Tax tips from an expert


  • Tax planning now can mean a smoother tax day.
  • The 2018 Tax Cuts and Jobs Act could significantly affect your taxes this year.
  • Setting up retirement accounts for you and your employees can save on taxes.

Tax day may seem far away now, but it always sneaks up quickly. That’s true no matter when your company’s year end falls. The sooner you do some tax planning, the more easily tax season will go for you and your company, and the more likely it will be that you pay the least amount of taxes possible.

Here are a few tax tips for your construction company to consider this upcoming tax season.

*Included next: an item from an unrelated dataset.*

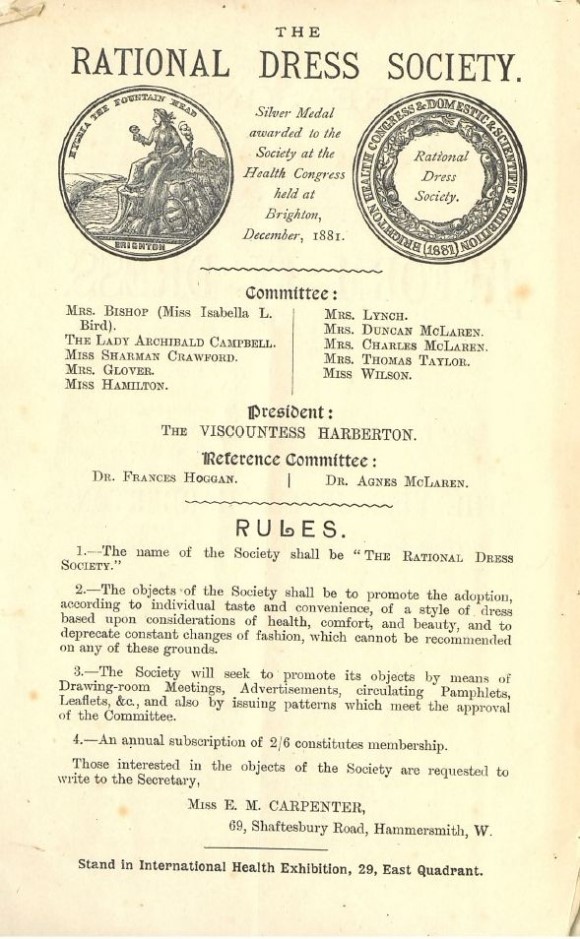 Figure 1: Rules of the Rational Dress Society printed in Viscountess Harberton’s Reasons for Reform in Dress. Accessed via Untold Lives Blog: https://blogs.bl.uk/untoldlives/2021/10/the-rational-dress-society.html

Understand the tax implications of your business structure

The 2018 Tax Cuts and Jobs Act made some sweeping changes that may significantly affect certain types of contracting companies. As a result of this tax reform legislation, sole proprietorships, partnerships, owners of an S corporation, and members in an LLC or LLP may qualify for a 20 percent tax deduction. If you own a C corporation, you may also pay lower taxes this year.

Take advantage of big ticket item asset depreciation

“New tax rules allow businesses to deduct the full amount of the purchase price of equipment up to $1 million for qualifying purchases the year of purchase,” says Darrel Yashinsky, president and founder of the Pinnacle Contractor Group, which has provided tax planning advice to the construction industry for 20 years.

“This tax break could change in the future, so take advantage while you can,” he advises. “Qualified assets include machinery, equipment, off-the-shelf computer software and certain improvements to nonresidential real property.”

Be advised of eliminated tax deductions

If you’ve been getting substantial tax deductions for entertainment and meal expenses, that won’t be the case this tax season. The 2018 tax reform completely eliminated deductions for entertainment expenses. Additionally, a company can only deduct 50 percent of most meal expenses.

Examine costs and budgets in these areas and consider making cuts to offset the difference, if you haven’t already.

Check your records

Hopefully you’ve been keeping good records of all expenses so that you don’t miss any potential deductions. Even if you are keeping excellent records, it’s a good idea to recheck and make sure that you aren’t missing any deductions.

If you’re unsure if an expense is deductible, consult with your accountant or tax preparer. Every deduction counts when it’s time to pay taxes.

Open or contribute to an existing retirement account

If you require more write-offs, opening a retirement account or contributing to an existing one is an ideal option. As a business owner, you have more options than a personal IRA. You can choose from several types of accounts, some of which can also be offered to your employees.

Employer-sponsored retirement savings plans include a SEP IRA, SIMPLE IRA, 401(k) and defined pension plans. All of these plans differ as to the amount the employer and employees can contribute. There are also various investment options within the plans. Some of the plans are easier to set up and maintain than others.

Most plans should be tax deductible for you and your employees. Your company may even get a tax credit for implementing certain retirement plans.

Because of the various differences in the plans, it’s a good idea to consult with your accountant as to the best option for you and your business.

Complete taxes early and plan ahead

The sooner you know your tax situation, the better able you are to set up tax savings to ensure that you can easily come up with any taxes due. This will help you prevent cash flow disruptions, which can be detrimental to the business.

If you find that the amount of your taxes owed is higher than you anticipated, consider tapping into a line of credit or opening up one. To avoid this issue next year, make quarterly estimates of taxes.